Local Park, City Lakes Provide An Accessible Fishing Location

TPWD/Courtesy Managed community fishing lakes, like this one at The Nature Center, provide an option other than big reservoirs for fishing.

It's summertime and the living is easy.

Oh to be a kid again.

Waking up with no plans, but plenty of options — Baseball in the streets; playing in the sprinklers; trees to climb; swimming in a water trough.


It's all good.

What, kids don't do that stuff anymore? Oh, yeah. They have camps and video games.

They really don't know what they are missing.

Years ago, when my kids were actually kids someone wiser than me said they needed time off in the summer just to "dig in the dirt." Time that isn't structured and hopefully spent outdoors doing whatever. I tried to follow that advice.

With both parents working the norm today it is more common for kids to go to various camps or daycare throughout the summer.

Making matters worse, access to places to do some of the things we did have gotten harder. Even with about three-quarters of a million ponds and lakes in Texas, getting permission to fish one isn't easy if you don't know someone.

That doesn't mean there isn't any place to fish.

Working with cities and towns, Texas Parks and Wildlife Department created its Community Fishing Lakes program. Unlike the state's big reservoirs that are best fished from a boat, the community lakes are more often less than a hundred acres in size with excellent bank fishing access.

There are 11 designated community lakes in Smith County. Three are at Camp Tyler and only available to the public during special events at the facility.

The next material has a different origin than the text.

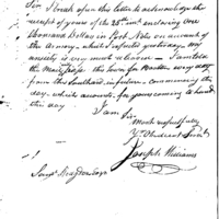 | $1000 in Post Notes Received One Day Late | Collection: Post Revolutionary War Papers, 1784-1815. (RG94) | B:12 |

Another is on the UT-Tyler campus. Two are actually on TPWD property, The Nature Center, which also only allows fishing for special events, and Tyler State Park. The rest are at city parks in Tyler, Lindale and Overton.

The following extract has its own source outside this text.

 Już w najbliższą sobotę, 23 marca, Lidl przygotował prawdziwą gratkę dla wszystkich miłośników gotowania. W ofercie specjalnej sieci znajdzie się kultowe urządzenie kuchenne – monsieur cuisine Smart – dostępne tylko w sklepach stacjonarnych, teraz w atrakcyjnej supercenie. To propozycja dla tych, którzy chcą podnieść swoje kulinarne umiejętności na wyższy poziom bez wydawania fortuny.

Whether it is rainbow trout in the winter or bass and catfish in the summer, the lakes are geared toward catch-and-keep, but on a sustainable basis so the fishery can be spread among more fishermen. The bass limit is the statewide five-fish, 14-inch minimum while catfish fishermen can keep five channel or blue cats daily with no length limit. There is an 18-inch minimum for flathead catfish.

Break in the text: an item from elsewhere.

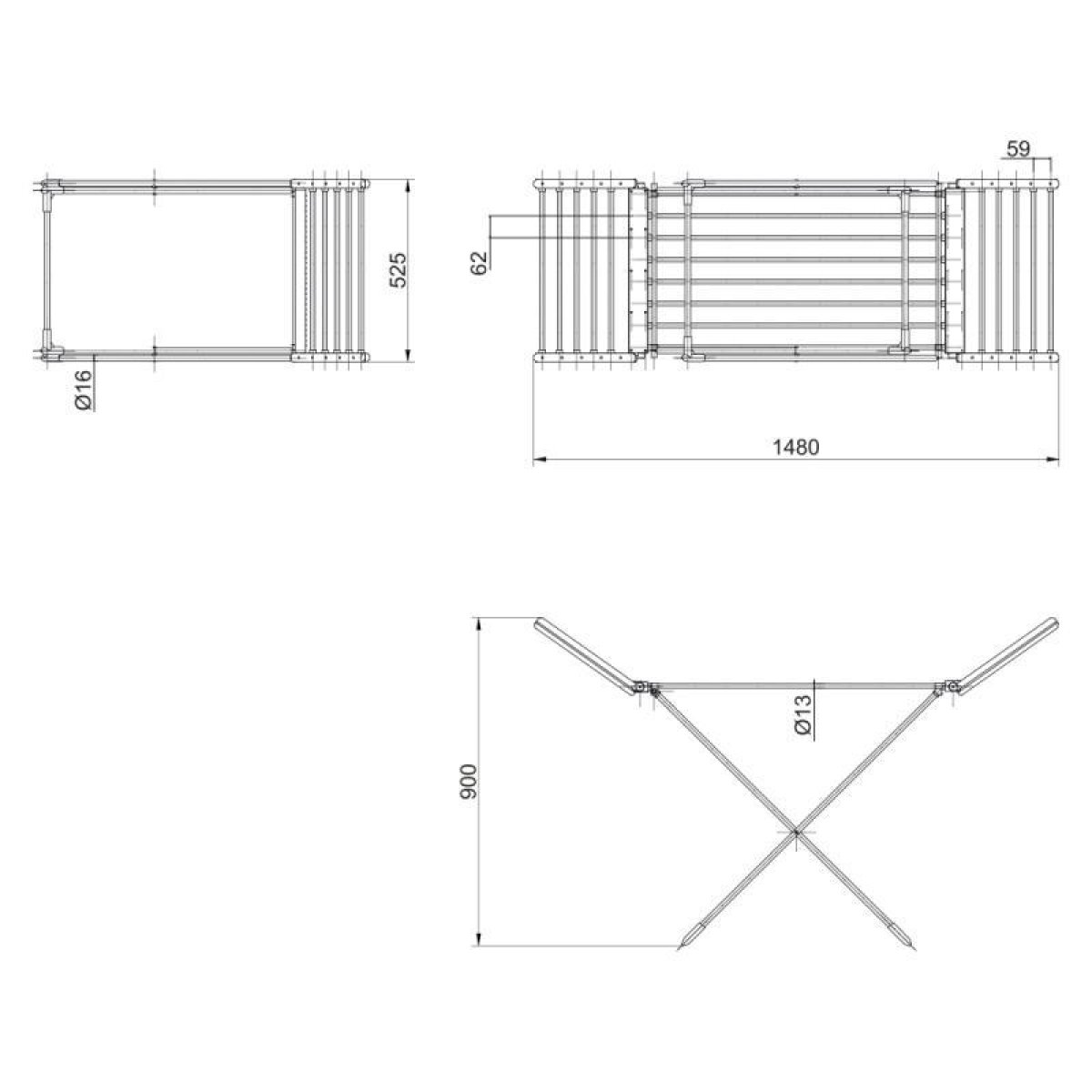 Габаритні розміри виробу (ШхГхВ), мм 1480х525х900

One important rule is that fishermen may only use one rod or pole at a time. This is strictly to make the lake accessible to more people and to spread the catch around.

While the community lakes that are on the state's trout stocking list draw the largest winter crowds, a number of them are popular in the warm months.

"They are popular," said Richard Ott, TPWD fisheries biologist from Tyler. "We don't have a real good way to measure utilization, but we do get by Faulkner (located in South Tyler) enough to see evidence of fishing."

The biologist said Tyler's Woldert Park along with Faulkner Park in Lindale show signs that they also draw fishermen. Ott said one thing that makes Woldert especially attractive is the fact the city has loaner rods through the neighboring Glass Recreation Center.

The lakes are stocked primarily with catfish and sunfish through TPWD's regular hatchery program every few years. That helps keep the lakes fresh and viable as a fishery. In most cases bass already exist in the lakes, but typically aren't stocked.

Ott said the goal is to make the lakes an easy access designation for local residents.

Besides Smith County there are a number of community lakes in Anderson, Henderson, Hopkins, Titus, Van Zandt and Wood counties.

At all community lakes, like all public waters in Texas, youth 16 and under are not required to have a fishing license. Those 17 and up are not required to have a license on lakes that are fully enclosed by a state park such as Tyler State Park or Purtis Creek State Park lakes.